We examine whether differences in legal protection affect the size, maturity, and interest rate spread on loans to borrowers in 48 countries. Results show that banks respond to poor enforceability of contracts by reducing loan amounts, shortening loan maturities, and increasing loan spreads. These effects are both statistically significant and economically large. While stronger creditor rights reduce spreads, they do not seem to matter for loan size and maturity. Overall, we show that variation in enforceability of contracts matters a great deal more to how loans are structured and how they are priced.
The extent to which property rights are protected in a country is an important consideration in determining what loans are offered to firms, how these loans are structured, and how they are priced. Property rights protection affects a lender’s incentives to monitor and its ability to recontract. Declining credit quality often results in lenders raising interest rates, demanding more collateral, shortening loan maturity, and further restricting future activities. This recontracting is costly when property rights are poorly enforced. Poor enforcement lowers recovery rates and increases the time spent in repossessing collateral following default.
In addition to enforcement, the legal rights that lenders have in reorganization and liquidation procedures are also important. Differences in creditor rights matter to loan contracting because laws determine who controls the insolvency process and who has rights to the property of a bankrupt firm. How do differences in creditor rights and contract enforceability affect the amount banks lend to firms, the maturity of the loans they make, and the interest rate spreads they charge? Are laws and enforcement equally important to the loan contracting process? Bhattacharya and Daouk (2002, 2005) argue that it is the enforcement, not the existence, of laws that matters. Qian and Strahan (2007) suggest that it is creditor rights, not the protection of property rights, that matter.
The recent case of Asia Pulp and Power (APP), controlled by Indonesia’s Widjaja family, illustrates the difficulty of recontracting in weak property rights environments. In 2003, the company owed almost US$14 billion to foreign banks, fund managers, and various credit agencies. The foreign banks that lent to APP found it difficult to reschedule debt payments. The media reported that the Indonesian courts had not been very helpful in enforcing loan contracts and that the family had snubbed their foreign lenders, often not turning up for scheduled meetings to discuss debt repayments. Citing other examples from Indonesia, Bloomberg (April 28, 2003) stated that “the lack of a credible legal infrastructure makes enforcing rights in Indonesia’s courts almost impossible.” Indonesia scores high on creditor rights but low on property rights protection.

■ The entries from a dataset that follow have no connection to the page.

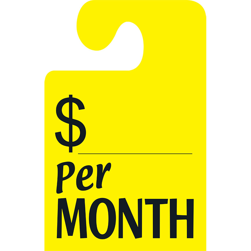 Need a way to advertise a special sale? Our Fluorescent Yellow "Per MONTH" Hook Rear View Mirror Tags will deliver your message and work well with vehicles that have large rear view mirrors. Tags are made of a fluorescent yellow stock paper and can be removed quickly for test drives. Hook Tags are sold in packs of 50 and measure 8.5"W x 11.5"H".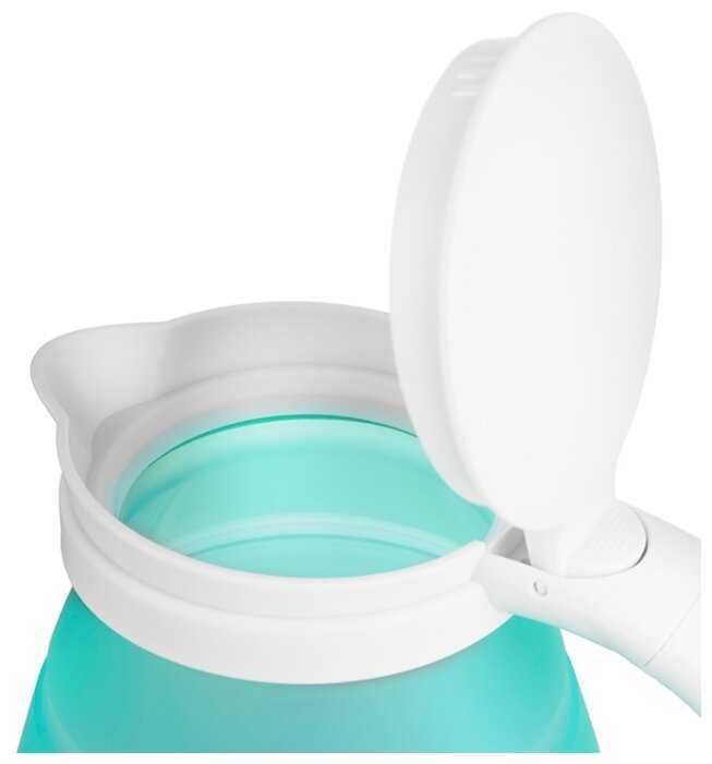 Купили данный чайник в поездку, так как ездили с маленькими детьми и нужна была прокипяченная вода для приготовления детских каш и смесей. Чайник себя полностью оправдал. Сначала присутствует запах силикона, но после пары кипячений запах исчезает. Чайник занимает очень мало места. Вода кипятится примерно за 3 минуты. Дно чайника не нагревается, поэтому удобно его поднимать за ручку, на всякий случай придерживая за дно. Шнур немного коротковат, но это не портит общее впечатление от чайника.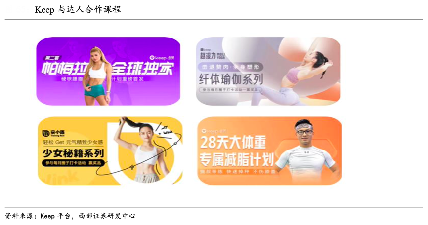 經(jīng)典案例:根據(jù)Keep平臺、西部證券研發(fā)中心等綜合資訊表明,Keep將提供運營分析,幫助達人更好地了解粉絲的喜好,并提供與平臺合作制作優(yōu)質(zhì)內(nèi)容的機會。對于高人氣和富有創(chuàng)意的達人,Keep 會將他們直接介紹給廣告主,以擴大他們的變現(xiàn)機會。截至 2021 年 12 月 31 日,健身達人,健身專業(yè)人士和內(nèi)容提供商有 7600 個健身課程在 Keep 平臺上。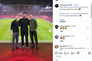 體育資訊12月16日訊 吉魯更新社媒動態,曬出與卡拉格、大衛·瓊斯(天空體育主持人)的合照。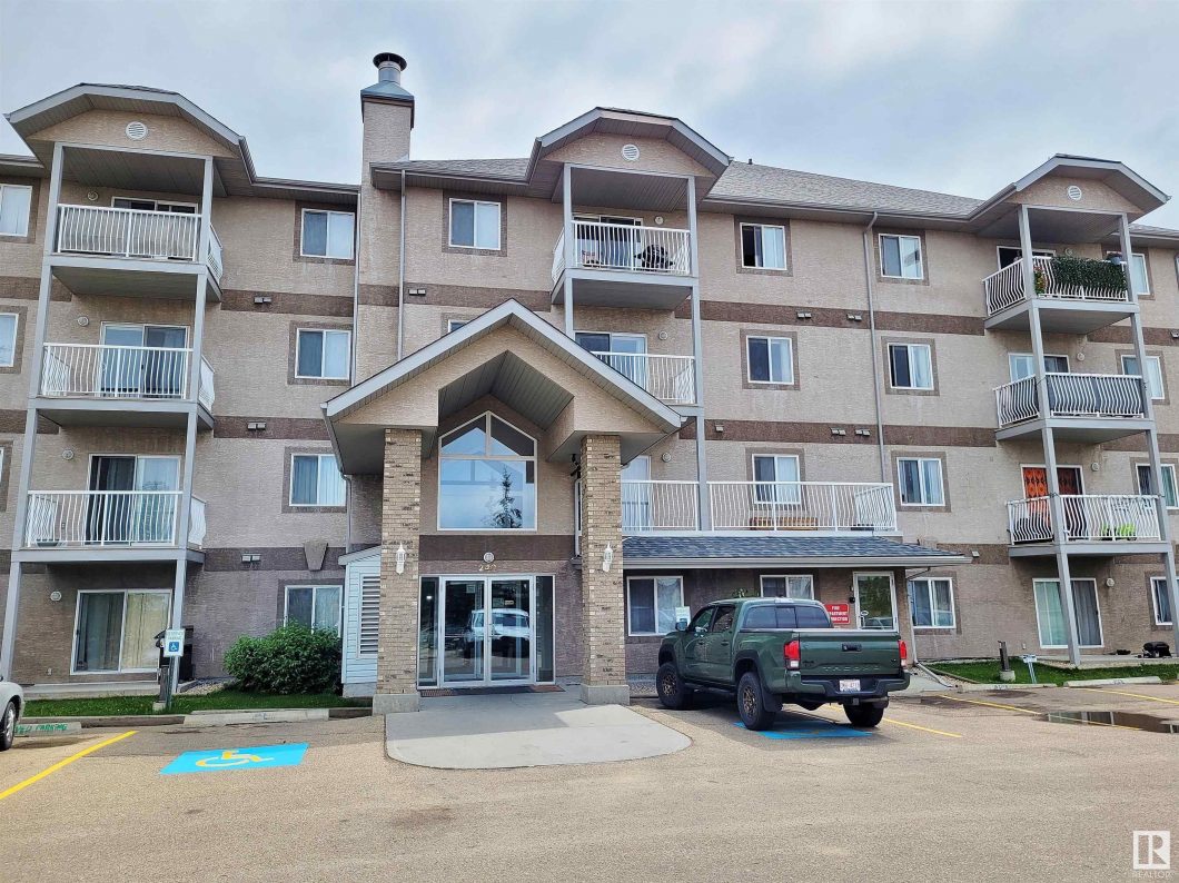 Ideal place for a couple or single person looking for a fresh start. Livingroom has plenty of space for furniture with doors to private balcony overlooking trees and park. Easy to keep clean with laminate flooring throughout the unit. Maple cabinets, black appliances, S/S dishwasher and raised serving bar overlooking the kitchen. Large in-suite walk-in storage room for all the extras. Mirror closet doors by the front entry door, and linen closet in the hallway. Full bathroom includes white fixtures, matching maple vanity and stacked washer/dryer. Master bedroom will accommodate a queen-sized bed and storage dressers. Titled underground parking stall is included with the sale of this unit. Great location within walking distance to TransAlta Leisure Centre, sports fields, sports park and basic services.

This paper examines the effects of creditor rights and property rights protection on loan contracts. Banks are expected to charge higher interest rate spreads when they lend to firms operating in countries with weak creditor rights and poor enforcement. However, as risks increase, instead of increasing interest rates, banks ration some borrowers (Stiglitz and Weiss (1981)). Thus, loan amounts shrink as legal risks increase. Loan maturities also respond to higher legal risks. Diamond (2004) suggests that in legal systems with expensive or ineffective contract enforcement, more short-term debt will be issued. Short-maturity debt allows lenders to review their lending decisions more frequently and to restrict borrower flexibility to increase the riskiness of assets. We examine all three aspects of loan contracting – loan size, loan maturity, and loan spreads. In relating these loan variables to law and enforcement measures, we control for other factors that are likely to affect loan contracting, including loan syndicate structure and composition, agency participation in loans, loan purpose and type, priority structure, borrower risk characteristics, country sovereign risk, measures of financial and economic development, borrower industry, and year and country effects. Our results are based on a fairly large sample of loans (over 63,000 loans worth US$13 trillion) to firms in 48 countries during 1994 to 2003.